Theoretical study of π-complexes Ti(P)L of titanium porphyrin with ligands containing multiple bonds C-C, C-N, and N-N

Abstract

The structural parameters, energies, and spectroscopic characteristics of singlet and triplet titanium porphyrin π-complexes Ti(P)(π-L) (P = C20H12N4) with the axial ligands L = C2H2, C2H4, N2H2, HCN, C6H6, N2, and C60 coordinated to the Ti atom through C-C, C-N, and N-N multiple bonds have been calculated by the density functional theory B3LYP method. The changes in the calculated properties of the π-complexes as compared with the properties of the isolated (uncoordinated) Ti(P) and L molecules have been examined. The activation of multiple bonds on coordination to the titanium atom is manifested in (i) their sharp weakening and elongation by 0.10–0.20 A or more, (ii) a long-wavelength shift of their stretching modes by 300-500 cm-1 or more, (iii) considerable electron density transfer from the porphyrin ring (P ring) to the ligand and the corresponding ligand distortion and polarization, (iv) a strong displacement (0.5-6 A) of the Ti atom from the P ring plane toward the π-ligand and the dome distortion of the P ring.

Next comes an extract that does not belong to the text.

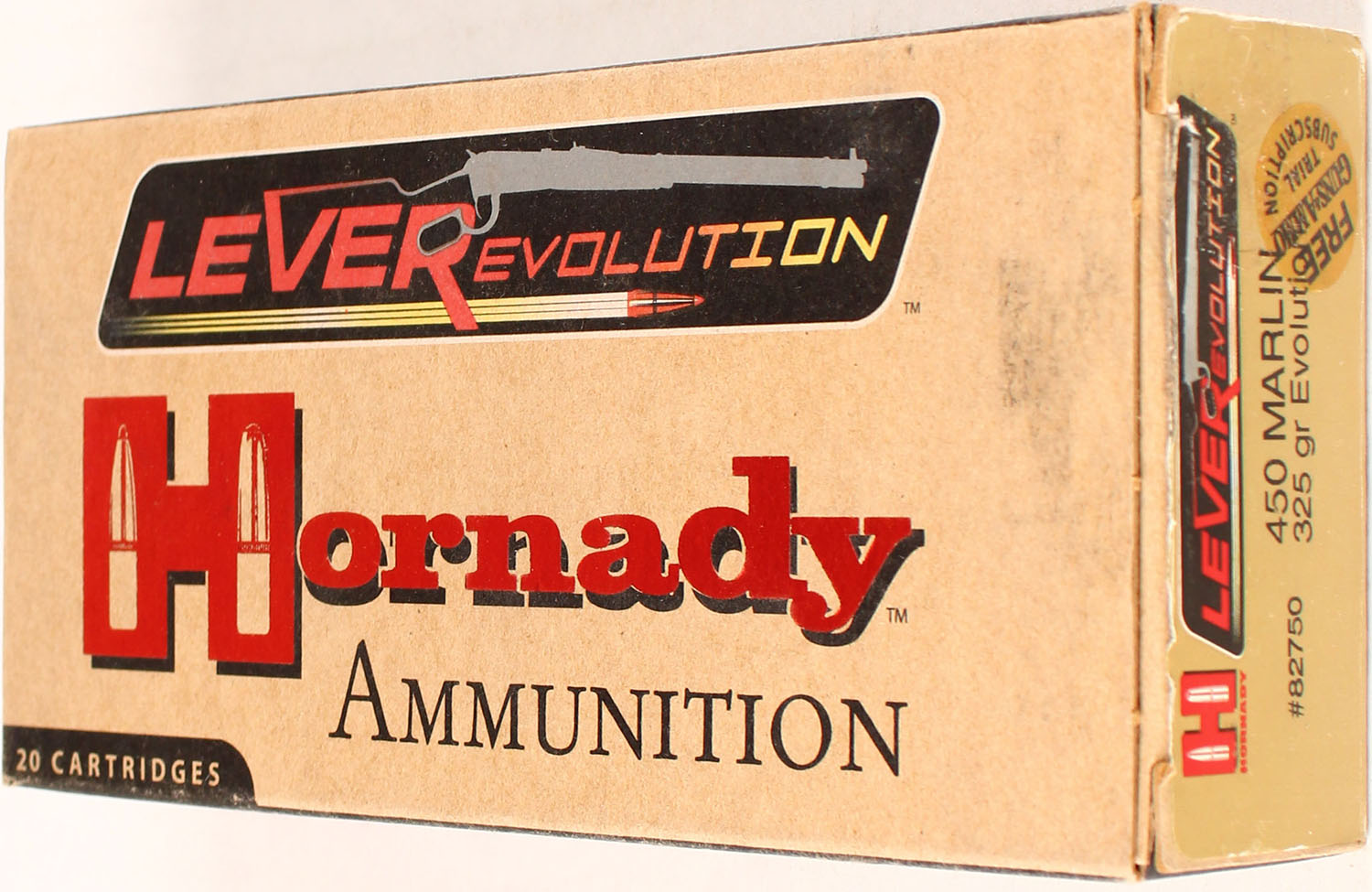 Hornady, LeveRevolution, 450 Marlin, 325 Grain Evolution, Full, 1pc. multi-colored box, box is solid with excellent color, Ammo is excellent. Grade: Excellent ++ - Value: 20 to 80

For the Ti(P)(π-L) systems, the addition of the second axial π-ligand to form six-coordinate ππ-complexes is not typical. In the Ti(P)(π-L)2 with identical ligands, the Ti atom is strongly displaced out of the P ring plane toward one of the ligands and the second ligand is repulsed from the P ring and actually removed from the metal coordination sphere. In the Ti(P)(π-L) (π-L’) complexes with different ligands, according to the relative strength of the Ti–L and Ti-L’ bonds, which decreases in the series N2H2 > C2H2 > HCN > C60 > C2H4 > C6H6 > N2, the weaker ligand is forced out by the stronger ligand (acetylene is pushed out of the coordination sphere by diimine; ethylene, by acetylene and fullerene; fullerene, by hydrogen cyanide; etc.). In mixed πσ-complexes Ti(P)(π-L)(CO) in the singlet state, acetylene pushes out the CO group; conversely, in the triplet state, acetylene is pushed out by carbonyl. There is a trend in the behavior of the activation effects along the series of the above ligands and with a change in the electronic state multiplicity of the complexes.